Nitrogen-doped carbon/NiCo2S4 aerogel nanocomposite for solid-state supercapacitors

The conversion of biomass into valuable carbon materials reduces environmental pollution and develops effective porous carbon electrodes for energy storage devices. This study aims to prepare a novel composite material consisting of NiCo2S4 and chitosan-derived carbon (CNNA) for use in high-performance supercapacitors. The prepared CNNA composite exhibited a high specific surface area of more than 27 m2/g. The CNNA electrode delivered a high specific capacitance of 1282 F.g-1 at 1.0 A.g-1, significantly surpassing that of bare NiCo2S4 (340 F.g-1) under the same conditions. Electrochemical analysis revealed that the charge storage behavior involved both capacitive and diffusion-controlled contributions, with the capacitive contribution increasing at higher scan rates.
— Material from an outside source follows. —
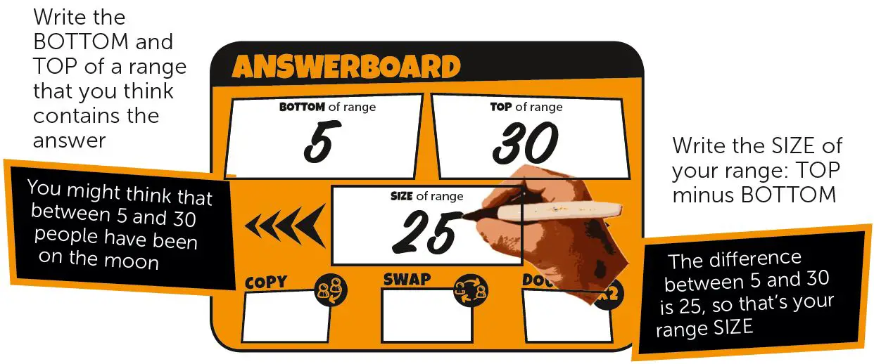 Think someone else knows better? Don't give a range, write their name in the copy box. After the reveal, copy their range to win points as if you'd come up with it

Furthermore, a solid-state asymmetric supercapacitor (ACCS//CNNA) was assembled using CNNA as the positive electrode and chitosan-derived carbon aerogel (ACCS) as the negative electrode. The device achieved a specific capacitance of 199 F.g-1, an energy density of 62 Wh.kg-1, and a power density of 750 W. kg-1, and retained 90.9 % of its initial capacitance after 10,000 charge-discharge cycles. These results clearly demonstrate the synergistic effect of NiCo2S4 and N-doped carbon aerogel, highlighting the potential of CNNA as a sustainable and efficient electrode material. Using chitosan in NiCo2S4/carbon composites offers advantages, including nitrogen self-doping, the formation of a uniform nanostructure, and enhanced electrochemical performance compared to composites made from other biomass sources.